Estes inventam a cada torneio novas regras que tornam necessárias obras civis
que exigem grandes investimentos: dos estádios à infraestrutura de transportes
urbanos e aéreos, além da adaptação da rede hoteleira para atender à demanda de
público aos jogos.
Países que dispõem de caixa para cobrir as deficiências de
estações metroviárias, aeroportos, vias públicas e outras instalações físicas
necessitadas de reforma para abrigar hordas de aficionados por futebol lutam
para sediar espetáculos transmitidos pela televisão para plateias de bilhões.
Esse tipo de investimento importa divisas para a sede do torneio quadrienal e
também gera impostos que ajudam a engordar o erário, o que poderia, se
aplicados com decência e critério, melhorar os serviços públicos, sobretudo em
áreas essenciais e carentes, como saúde, educação e segurança pública. Em
relação a isso, há três controvérsias. A primeira é que nunca sede alguma de
uma Copa do Mundo trouxe a lume um relato confiável dos lucros auferidos ao
longo do evento. A segunda é que mais arrecadação nem sempre (ou quase nunca?)
representa melhora de atendimento em hospitais, aprimoramento da educação,
especialmente a básica, nem redução significativa de índices de violência.
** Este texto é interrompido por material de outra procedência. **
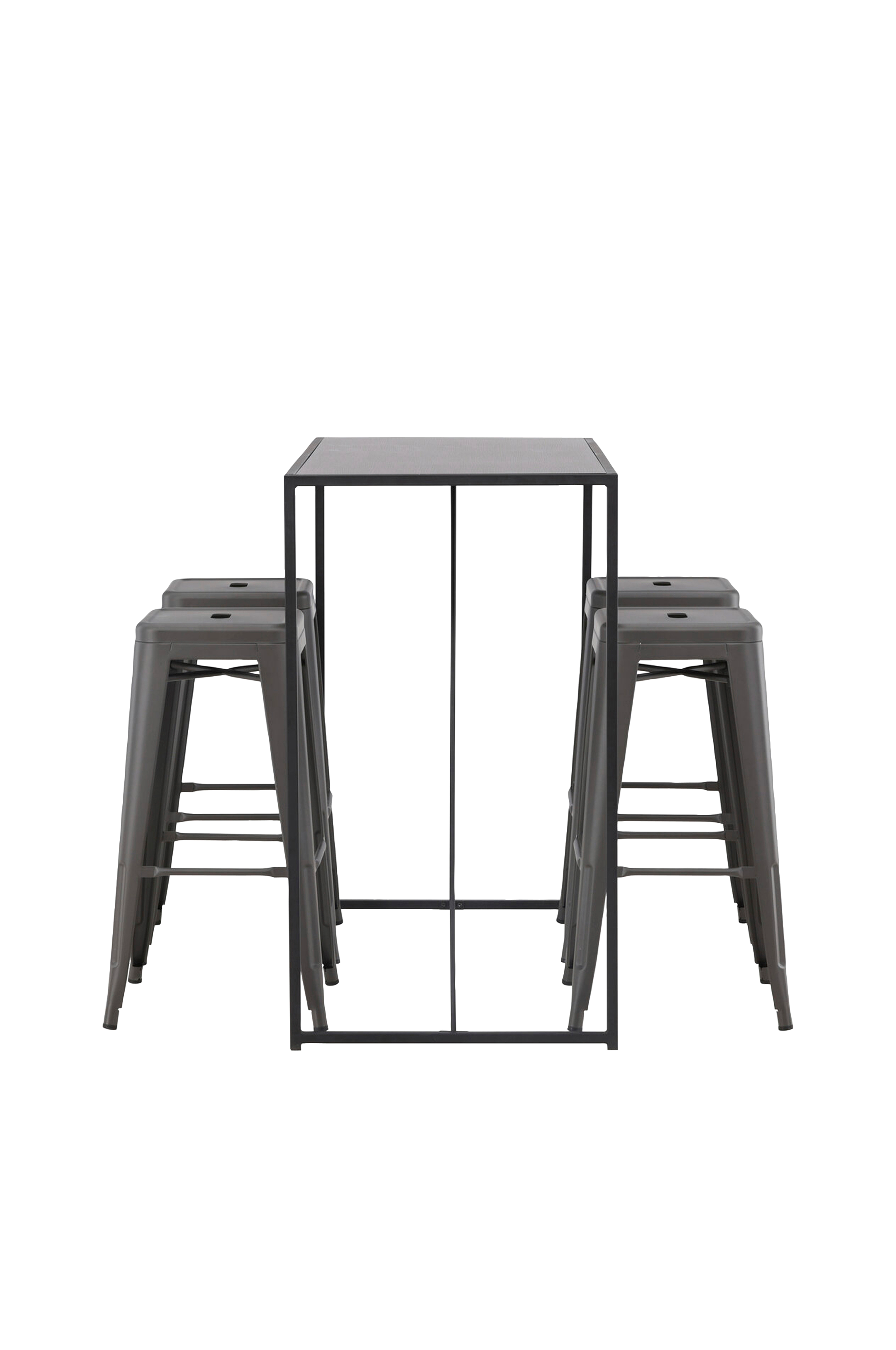 En stilren och trendig bargrupp för fyra! Här är barstolarna tempe kombinerat med barbordet brea som ger ett modernt och industriellt uttryck. Barstolen har en klassisk design av en högre pall med lätt utsvängda ben och sits i stål och en ram för fotstöd. Barbordet har en skandinavisk och minimalistisk design med en bordsskiva i tunn mdf med en smal ramkonstruktion i stål. Den här bargruppen är perfekt för dig som föredrar högre sittplatser i köket eller för dig med öppen planlösning som önskar sittande sällskap när du lagar mat.

Se
isso foi medido, está mantido sob rigoroso sigilo. E, no caso do Brasil, que
aceitou a condição de isentar os beneficiados de impostos, este segundo efeito
será nulo.
Este país sediará a Copa de 2014 daqui a três anos e quatro
meses. Um ano antes, como ocorre sazonalmente, será testada parte dos
equipamentos para os grandes espetáculos num acontecimento de grande
repercussão, mas menor alcance do que o Mundial propriamente dito, a Copa das
Confederações. Neste momento, estamos no segundo estágio, no qual governantes
começam a assumir compromissos que, de início, renegaram. O ex-presidente Luiz
Inácio Lula da Silva (PT), o ex-governador de São Paulo Alberto Goldman (PSDB)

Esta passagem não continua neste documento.